• WORK TO COMPLETE: From the listing below, please restate exactly the lines beginning at the one with "SB/T 10301-1999 调味品名词术语 酱腌菜" and ending at the one with "Popcorn being drizzled with milk chocolate", both included, and skip the pictures.

• DATA FOR THIS EXERCISE:
__________

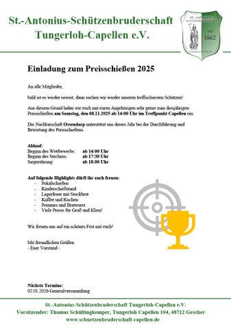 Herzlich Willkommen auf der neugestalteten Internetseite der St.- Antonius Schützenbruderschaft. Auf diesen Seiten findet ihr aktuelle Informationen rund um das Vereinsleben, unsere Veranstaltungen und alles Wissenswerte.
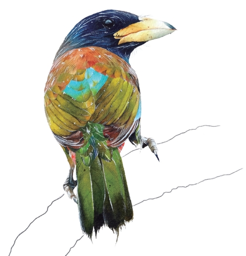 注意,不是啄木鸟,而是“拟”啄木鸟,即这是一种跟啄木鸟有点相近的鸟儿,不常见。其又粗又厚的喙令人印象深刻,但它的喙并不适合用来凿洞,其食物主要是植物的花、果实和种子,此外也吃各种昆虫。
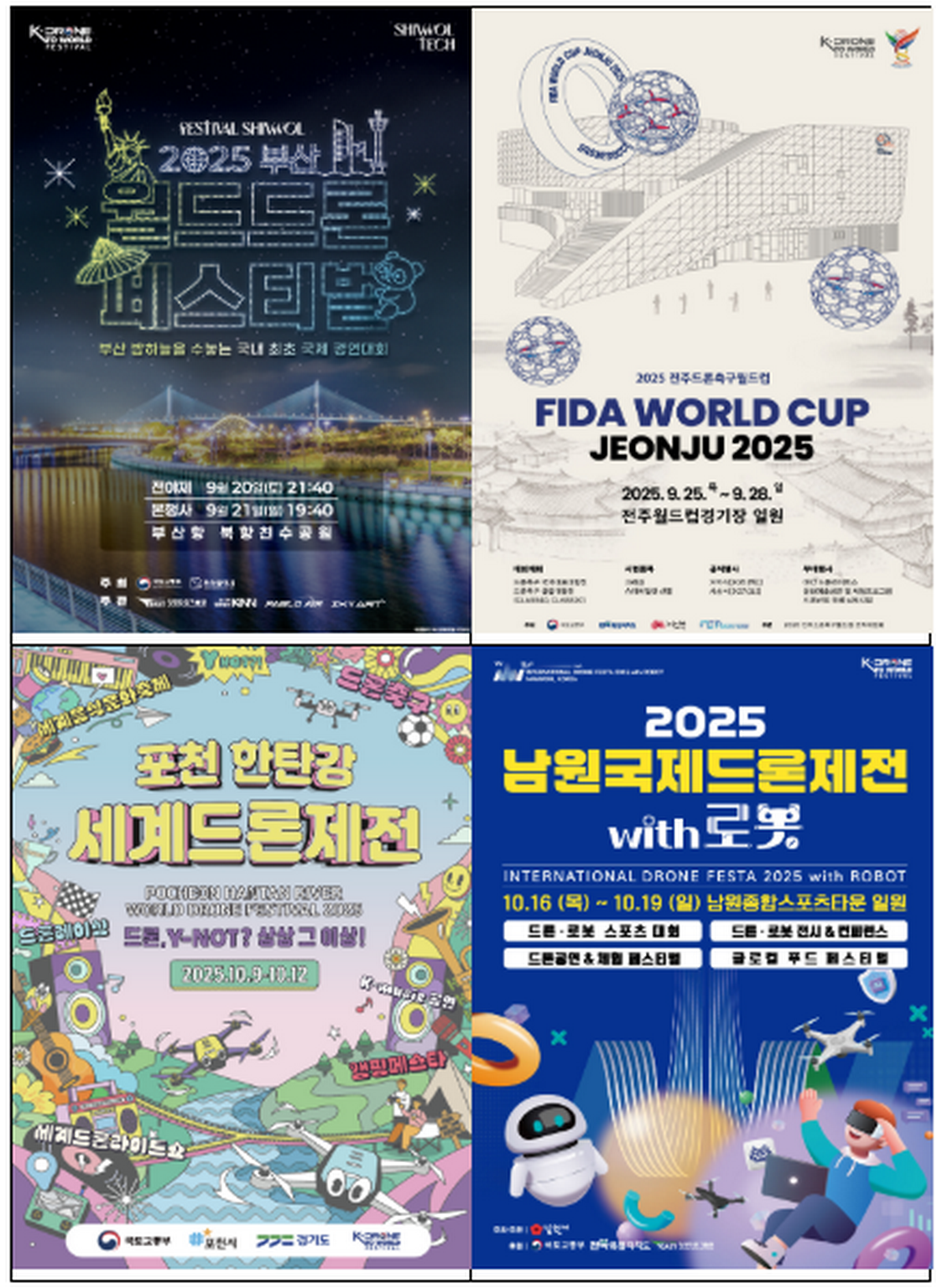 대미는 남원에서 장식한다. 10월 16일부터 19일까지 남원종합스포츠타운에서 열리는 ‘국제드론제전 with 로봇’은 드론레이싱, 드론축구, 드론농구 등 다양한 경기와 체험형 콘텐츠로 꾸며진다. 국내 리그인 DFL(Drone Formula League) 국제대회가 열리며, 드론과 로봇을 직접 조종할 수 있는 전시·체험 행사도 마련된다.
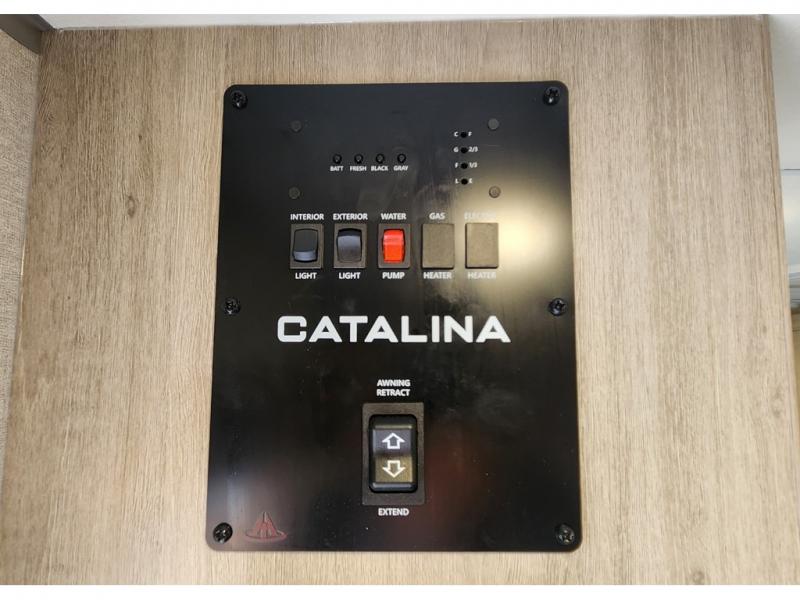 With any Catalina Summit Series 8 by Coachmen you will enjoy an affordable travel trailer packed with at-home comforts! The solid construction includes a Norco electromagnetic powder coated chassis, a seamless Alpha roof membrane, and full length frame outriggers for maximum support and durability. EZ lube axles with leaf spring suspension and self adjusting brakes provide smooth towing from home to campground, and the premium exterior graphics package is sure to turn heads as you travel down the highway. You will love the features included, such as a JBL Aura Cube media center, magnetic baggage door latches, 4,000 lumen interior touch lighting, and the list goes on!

__________

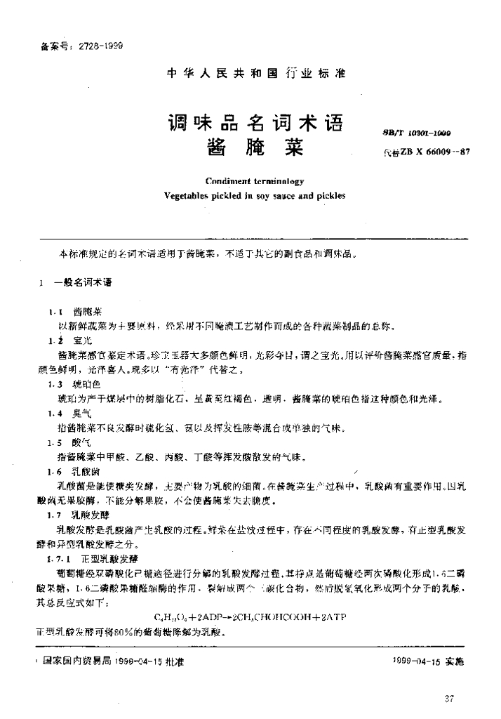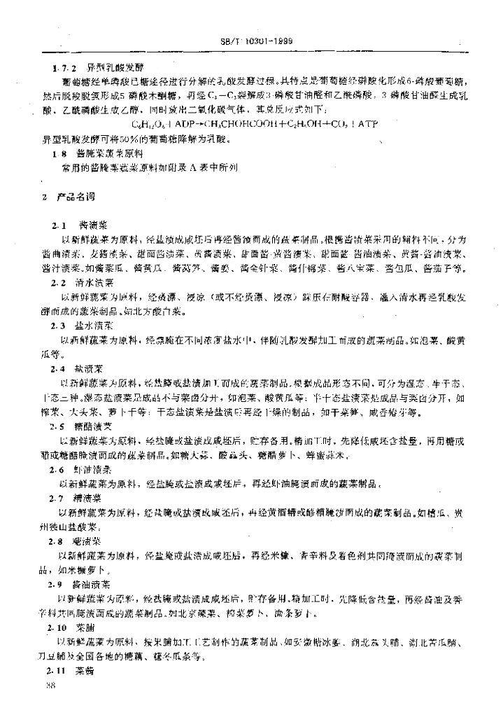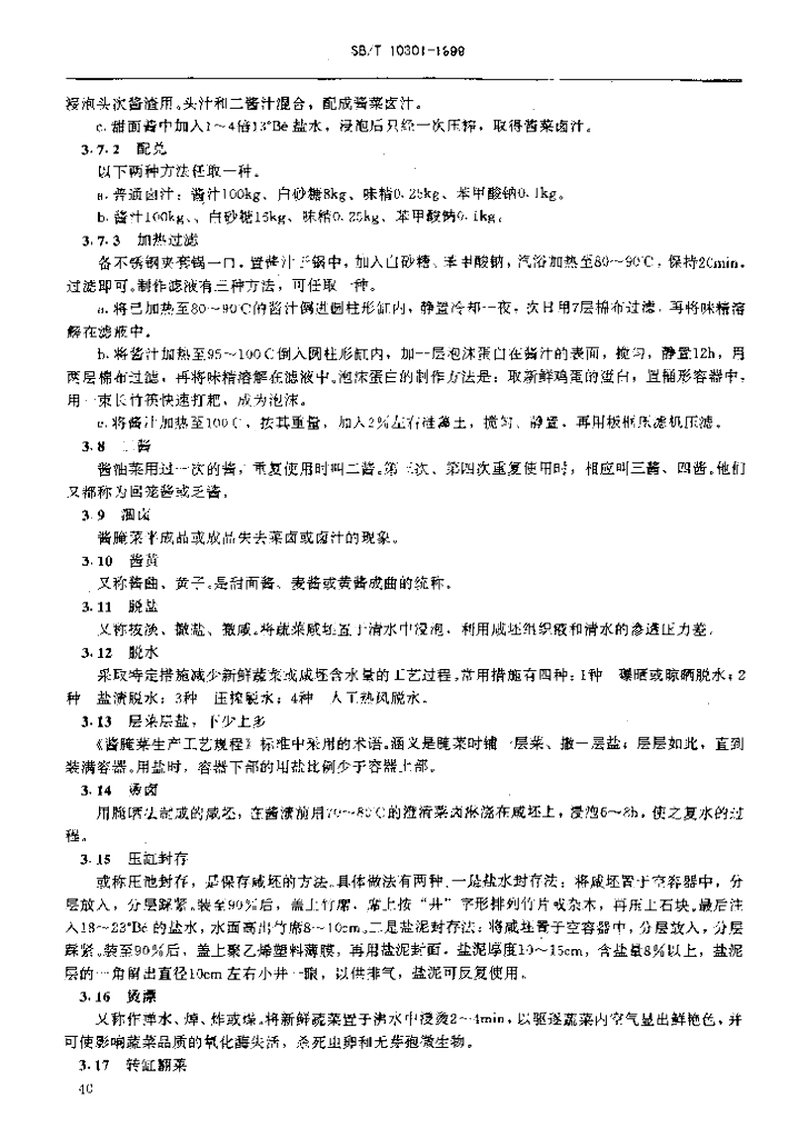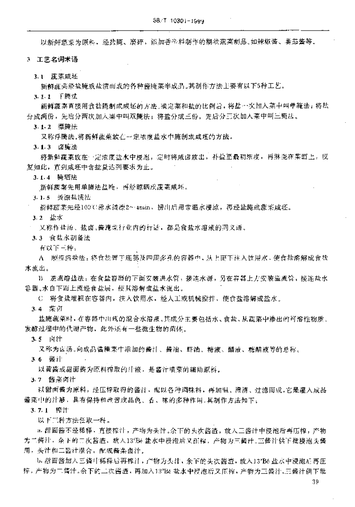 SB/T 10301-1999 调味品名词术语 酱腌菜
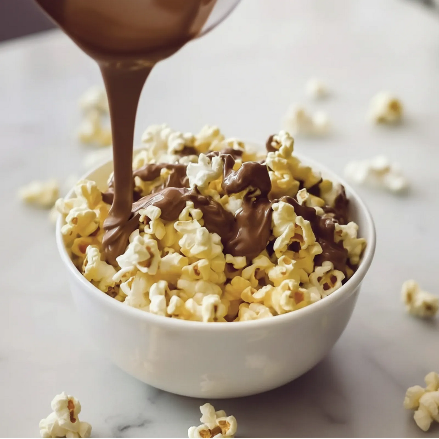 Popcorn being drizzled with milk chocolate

__________

• PROBLEM SOLUTION:
 SB/T 10301-1999 调味品名词术语 酱腌菜
 Popcorn being drizzled with milk chocolate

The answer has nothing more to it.